Copy, please, the line with "打开 cvpr2018-paper-list.csv,按下 crtl" and each line that follows it through the end of the data below, exactly as given and without pictures.
┌──
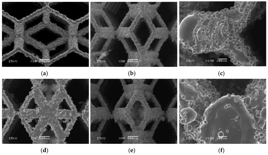 Figure 8a–c depict the morphology, pore size, and microstructure of the rhombic dodecahedron as observed via scanning electron microscopy (SEM). Figure 8d–f illustrate the morphology, pore size, and microstructure of the derived dodecahedron as observed via scanning electron microscopy. The images clearly show that the surface of the struts in the metal scaffold is typically uneven, with particles adhering to it, while the connections between struts exhibit good integrity without obvious fractures. Additionally, the connections between unit cells are well connected. This phenomenon arises from the incomplete melting of titanium alloy particles, which adhere to the strut surface, thereby increasing its surface roughness. This enhanced roughness promotes the adhesion of biological cells to the struts, facilitating cell differentiation and bone regeneration [46].
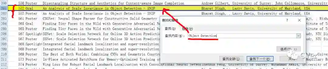 打开 cvpr2018-paper-list.csv,按下 crtl + F,输入要查找的内容,如 Object Detection,然后你就可以看到一篇篇关于 Object Detection 的论文啦!
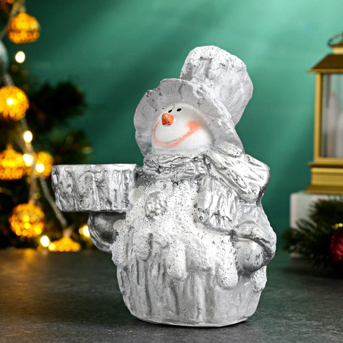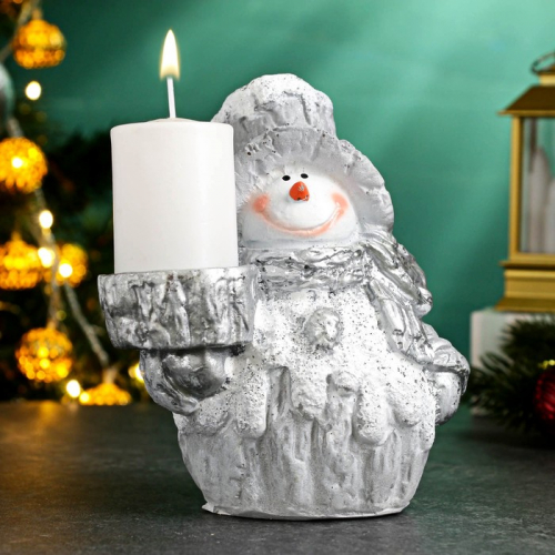 Подсвечник на 1 свечу «Снеговичок», полистоун, 13×15 см
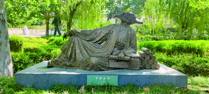 ▲夏县宇达青铜文化产业园“学富五车”雕塑 记者 刘亚 摄
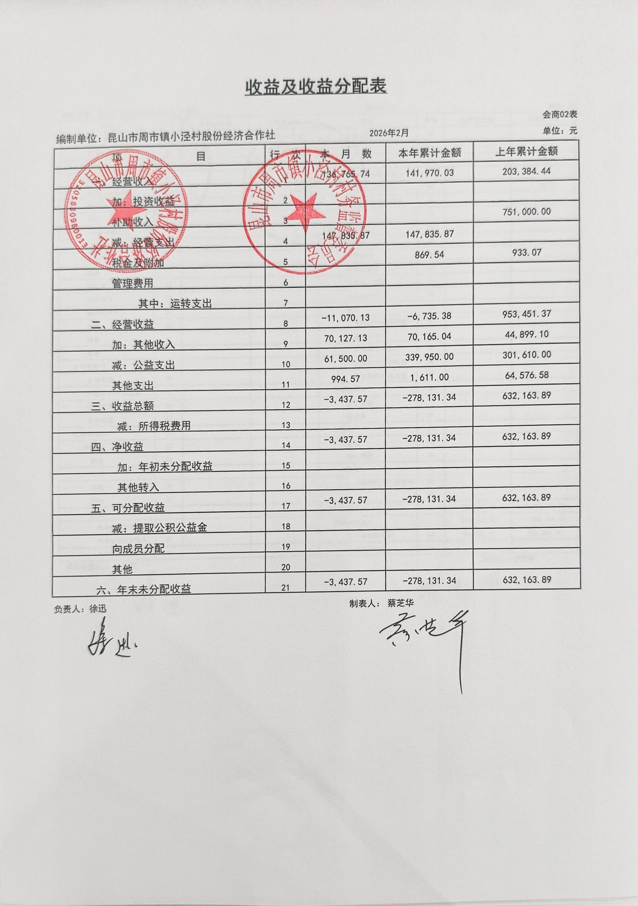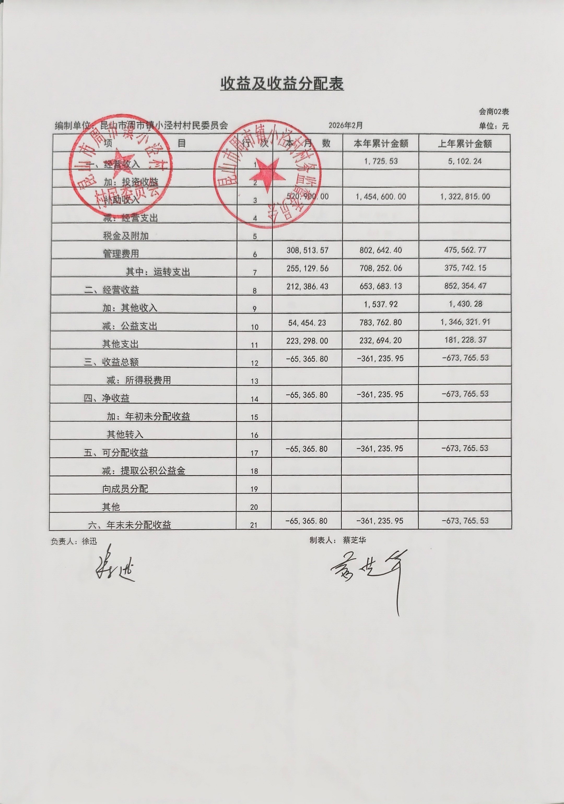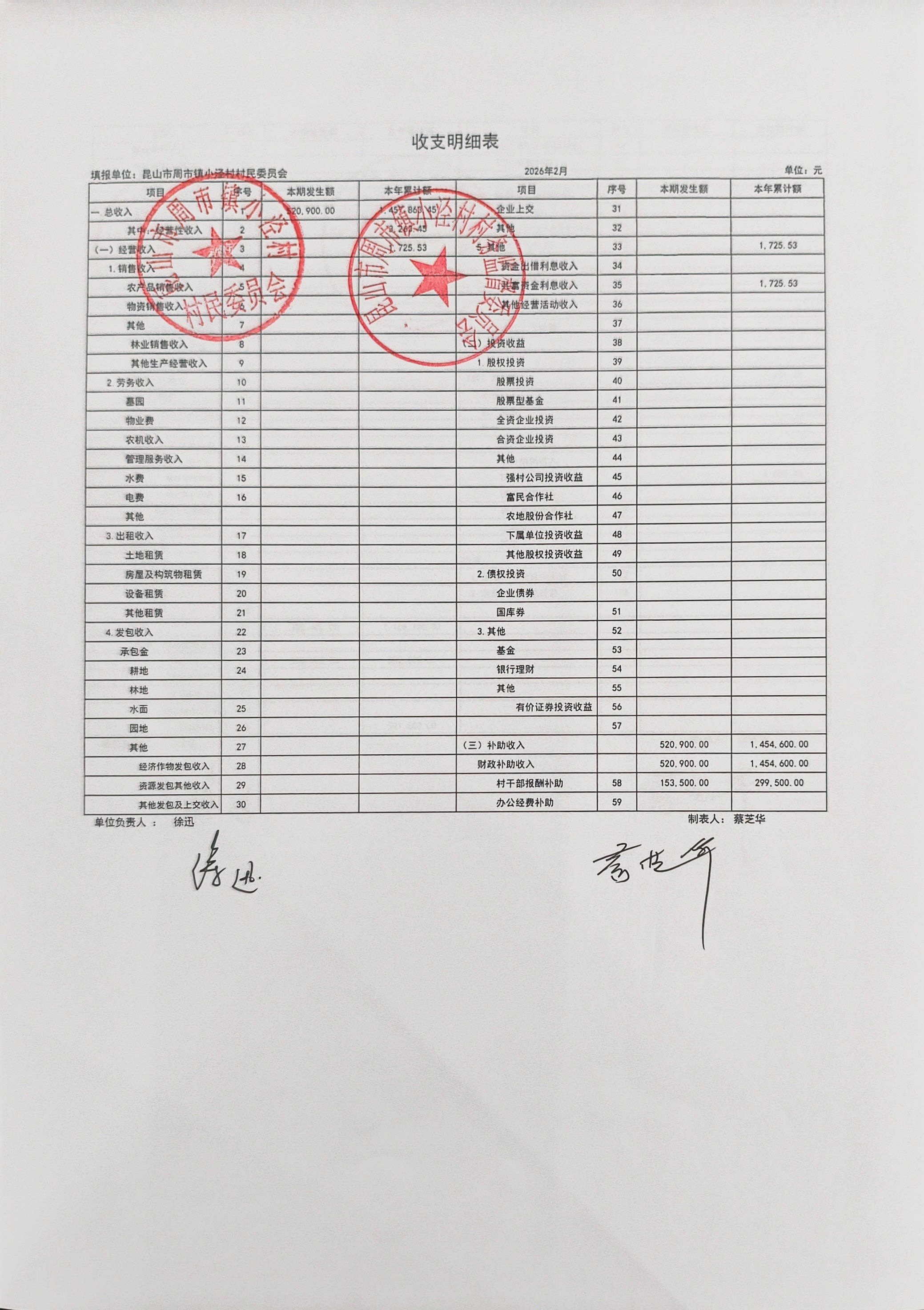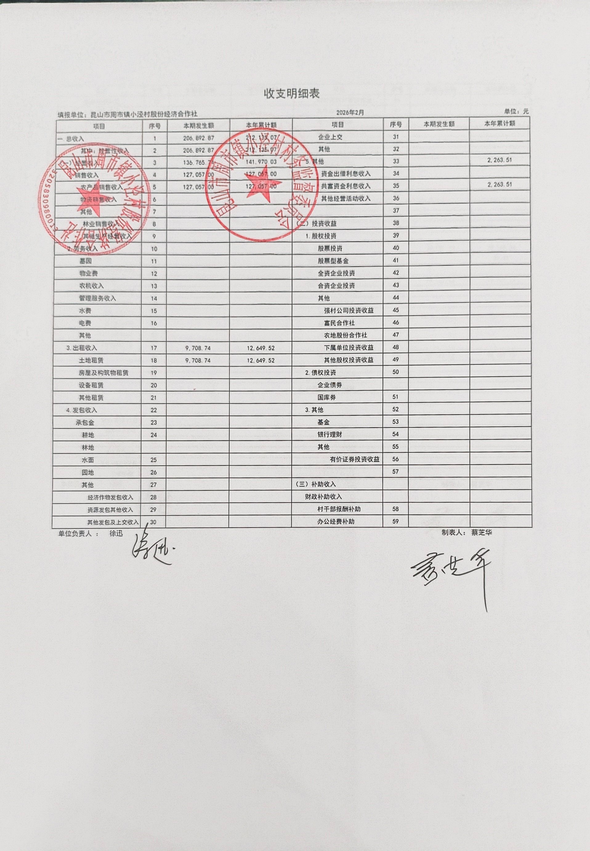 小泾村2026年2月财务公开
└──
- **THE COMPLETED TASK**
 打开 cvpr2018-paper-list.csv,按下 crtl + F,输入要查找的内容,如 Object Detection,然后你就可以看到一篇篇关于 Object Detection 的论文啦!
 Подсвечник на 1 свечу «Снеговичок», полистоун, 13×15 см
 ▲夏县宇达青铜文化产业园“学富五车”雕塑 记者 刘亚 摄
 小泾村2026年2月财务公开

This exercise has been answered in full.